_COLLECTED MATERIAL_
◇ ◇ ◇ ◇
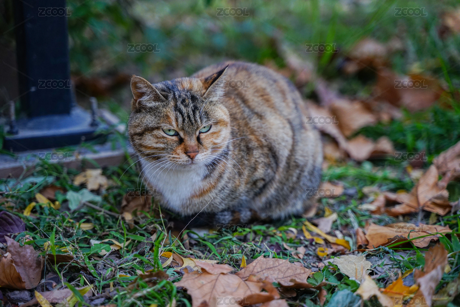 公园里的流浪猫,拥有灰色的条纹和橙色的眼睛
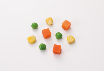 欧州産の良質なとうもろこし、グリーンピース、にんじんをミックスしました。にんじんよりコーンの配合率が高い商品です。
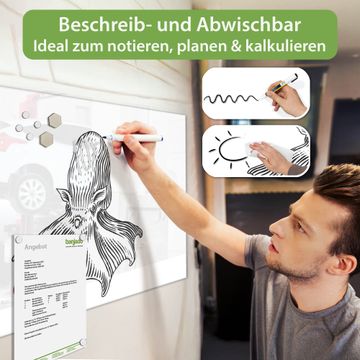 Auf der glatten Glasoberfläche lassen sich Termine, Rezepte oder Notizen ganz einfach mit Kreidestiften festhalten und rückstandslos entfernen. Starke Neodym-Magnete halten Ihre wichtigsten Erinnerungen sicher an Ort und Stelle. So entsteht Ihre ganz persönliche Ideenwand - jeden Tag neu.
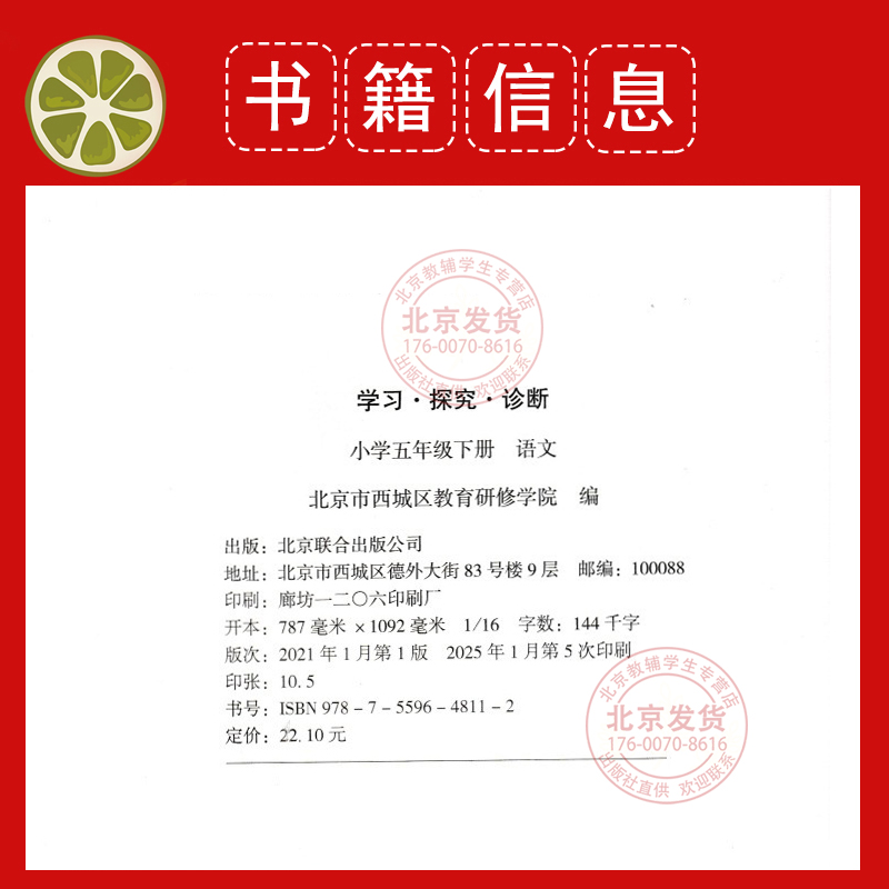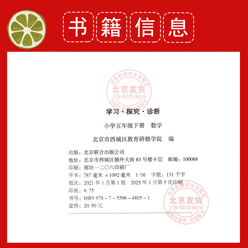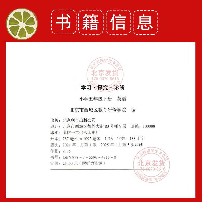 学探诊五下语文数学人教英语外研版 英语3本装 北京市西城区教育研修5下学探诊小学3本 数学 2025秋学习探究诊断五年级上下册语文
◇ ◇ ◇ ◇
_ACTION ITEM_
Transcribe exactly the portion of the material above that runs from the line containing "欧州産の良質なとうもろこし、" through its last line, omitting all pictures.

_TASK RESULT_
 欧州産の良質なとうもろこし、グリーンピース、にんじんをミックスしました。にんじんよりコーンの配合率が高い商品です。
 Auf der glatten Glasoberfläche lassen sich Termine, Rezepte oder Notizen ganz einfach mit Kreidestiften festhalten und rückstandslos entfernen. Starke Neodym-Magnete halten Ihre wichtigsten Erinnerungen sicher an Ort und Stelle. So entsteht Ihre ganz persönliche Ideenwand - jeden Tag neu.
 学探诊五下语文数学人教英语外研版 英语3本装 北京市西城区教育研修5下学探诊小学3本 数学 2025秋学习探究诊断五年级上下册语文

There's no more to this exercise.